While it can look somewhat different for every organization dependent upon individual needs, the following are some of the steps often included in the process.

– What happens for many organizations is that as they work to begin implementing Zero Trust, they have a combination of non-integrated on-premises and cloud applications. There’s fragmentation that has to be dealt with by IT.

– This brings about the need for Identity and Access Management or IAM. This is often the first actual step that has to be completed. That means consolidation of fragmented identities under a single IAM system across the cloud and on-premises. For example, this might specifically include single-sign-on. Then, there might be a second authentication factor layered on that.

– There is often the inclusion of context-based policies. That means that there are signals gathered about the context of each user, such as device and location context.

– The next part of the process for Zero Trust is a focus on authorizing and authenticating access.

Key Principles

The National Institute of Standards & Technology (NIST) has outlined principles of a Zero-Trust architecture. These include:

– The data sources as well as all computing services, are considered resources under this model.

– Regardless of network location, all communication is secure. Location network doesn’t indicate trust.

– A per-connection basis is used to grant access to individual resources. The trust of the person requesting access is evaluated before access is given.
Policy determines resource access.

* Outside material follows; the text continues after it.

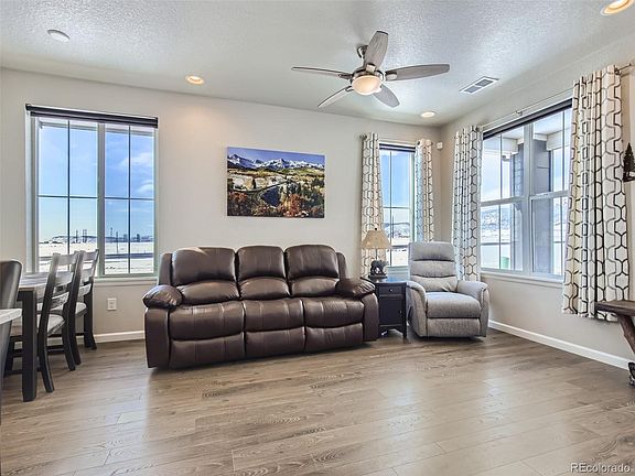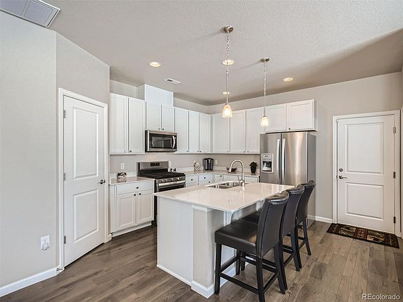 Welcome home! You will love this spectacular 2-story 3-bedroom town home in the highly sought-after Candelas neighborhood. This town home has a prime location and is an end unit giving it mountain views from almost every room. Kitchen includes quartz counter tops, whirlpool stainless steel appliances, an upgraded gas-range, large kitchen island with single chrome pull out sprayer and a spacious pantry. Durable vinyl plank flooring and automatic Hunter Douglas blinds throughout the main level. Upper level includes a master suite with incredible mountain views. Master bathroom comes equipped with marble counter tops, dual sinks, a walk-in shower with upgraded European shower door, and walk-in closet. Additional bedrooms with plenty of natural light and closet space. Upper level laundry room with upgraded whirlpool large capacity washer and dryer. Upgraded carpet and pads, manual Hunter Douglas blinds, and Hunter ceiling fans throughout the upper level. Attached 2-car garage equipped with a 220-volt outlet for the electric vehicle to charge overnight. The community includes six different outdoor parks that include various activities along with miles of trails for hiking, biking and walking. Restaurants, coffee, brewery within walking distance. Walking distance to Three Creeks K-8 School.

It may be based on user identity as well as behavioral attributes.

– An enterprise, under this approach, makes sure that all owned, as well as associated systems, are as secure as possible. There is ongoing systems monitoring to ensure continual security.

– User authentication is considered dynamic and is strictly enforced. The cycle includes continual access, scanning for and assessing threats, adapting and continual authentication.

The Benefits

Overall, there are many organizational benefits that stem from using a Zero-Trust approach.

Specific benefits can include:

– It’s easier to detect and stop phishing emails that target employees.

– This approach can be effective at stopping lateral movement if there’s a breach, whereas with perimeter-based security, once a bad actor has access, they can move about in an unlimited way.

– It protects against something like a stolen developer password or the exfiltration of a database by a compromised application host.
Micro-segmentation can prevent data breaches in general and keep lateral movement contained.

– It’s possible to have more visibility into workloads, devices, users, and components across the environment.

– Zero-trust puts an emphasis on continuous monitoring for signs of compromise.

– There’s enhanced organizational security but also consistency in the user experience.
Regardless of the underlying infrastructure, it’s possible to implement security protection across multiple environments.

Overall, Zero-Trust is likely going to be the pre-eminent approach to cybersecurity for organizations of all sizes moving forward. There’s a high probability it will replace perimeter-based cybersecurity even in very small organizations because of the benefits.